North Korea: Dilemmas and few options

Intercontinental ballistic missile test throws out further challenge

North Korea's state-run television KRT have released a video showing what the country says was a successful test launch of an intercontinental ballistic missile (ICBM). A missile capable of carrying a warhead to the US.

North Korea’s successful launch of an intercontinental ballistic missile this week has brought its nuclear armaments programme to a new and more dangerous level, throwing out a challenge on how it can be contained or reversed. President Donald Trump says US strategic patience with North Korea is at an end but now has the problem of how to deliver on that threat. China, Russia, South Korea and Japan are equally concerned but favour diplomatic and political rather than military action in fear of a catastrophic escalation.
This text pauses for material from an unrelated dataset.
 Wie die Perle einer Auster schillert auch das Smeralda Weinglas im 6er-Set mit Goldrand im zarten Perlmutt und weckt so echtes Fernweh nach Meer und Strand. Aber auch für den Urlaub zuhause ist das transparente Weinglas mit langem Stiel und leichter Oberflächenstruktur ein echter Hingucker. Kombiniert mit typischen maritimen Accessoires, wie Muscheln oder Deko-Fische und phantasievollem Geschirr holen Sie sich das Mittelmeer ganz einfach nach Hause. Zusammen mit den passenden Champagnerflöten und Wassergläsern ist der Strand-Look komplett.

North Korea’s young leader Kim Jong-un is clearly committed to maintain this programme. It has become his defining policy, bolstering his regime’s legitimacy. Existing sanctions from the United Nations and neighbouring states have failed to deter it. This latest missile test is a genuine innovation in elevation and distance, which would allow it reach the Alaskan coast of the US. That is the intended target, as the North Koreans continually assert. It is a calculated provocation to Trump and a strategic worry for its neighbours. The key question now is whether Trump decides to take unilateral action or is willing to work with others in response.
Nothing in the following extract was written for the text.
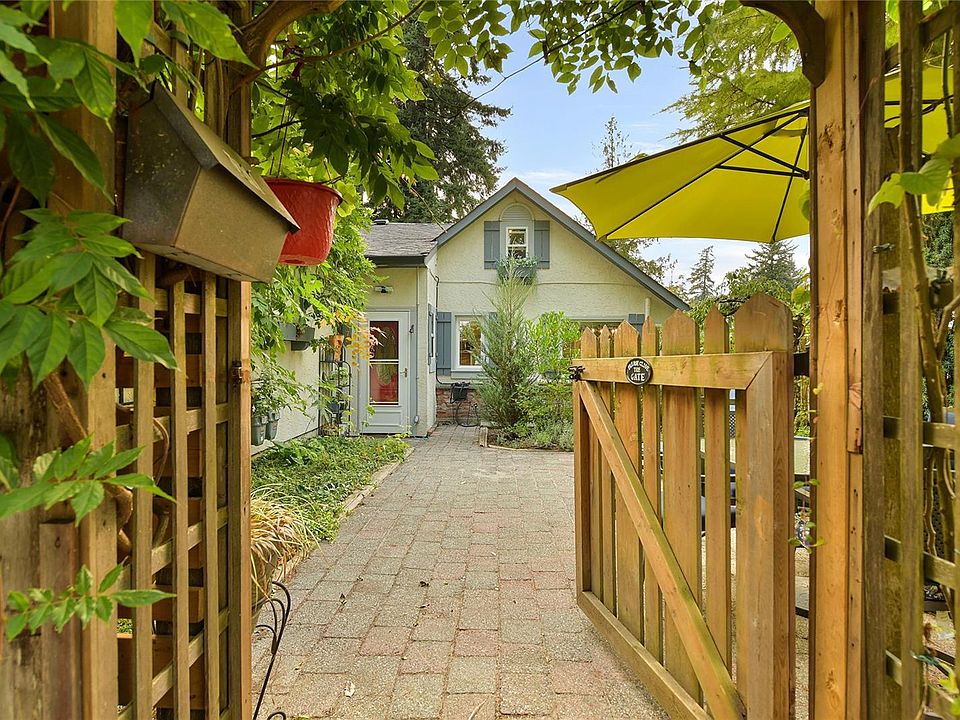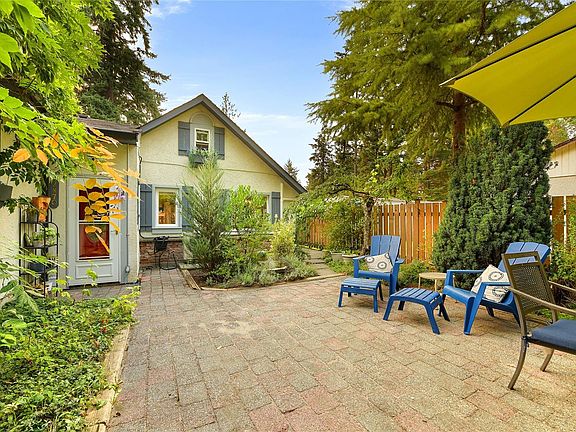 Welcome to 2870 Glen Lake Road – a charming and beautifully updated 3-bedroom home with a separate detached studio/office, perfectly situated in the heart of Glen Lake. Just steps to shopping, restaurants, theatres, the Westhills Y, parks, trails, and two lakes, this location offers the best of convenience and outdoor living. Enter through a welcoming courtyard and enjoy mature landscaping in both front and back gardens—ideal for relaxing in sun or shade. Inside, a cozy cottage feel is complemented by a gas fireplace, updated kitchen and bath, and two main-floor bedrooms. The private upper-level primary bedroom includes a walk-in closet and garden views. The detached studio is perfect for a home office or creative space. Recent upgrades include a new hot water tank (2025), heat pump (2022), gas fireplace (2020), and fresh paint. With ample parking, no strata fees, and a warm, functional layout, this move-in-ready gem is ready to welcome you home.

The options available to him are few and the prospects of rapid success small. A unilateral military strike against North Korea could provoke it to attack South Korea with artillery. It would risk an uncontrolled escalation, including even a nuclear one. This is a reckless scenario, but cannot be excluded given Trump’s temperament. His willingness to work with China up to now is put in question by Beijing’s reluctance to cut off oil supplies for North Korea and its overall lack of real leverage on the regime. The greater Chinese fear is of a collapsing state which would bring a united Korea to its own borders along with US troops and a regionally emboldened Japan.

China faces a real geopolitical dilemma in managing this crisis, since it could become the road along which a serious deterioration of relations with the US would proceed. The need to avoid that outcome should drive its politics and diplomacy. Its demand with Russia for a double suspension – of North Korean tests and joint US-South Korean military exercises – is an opening shot. A lot more effort along with South Korea’s new president Moon Jae-in will be needed, linked to co-operation with Japan.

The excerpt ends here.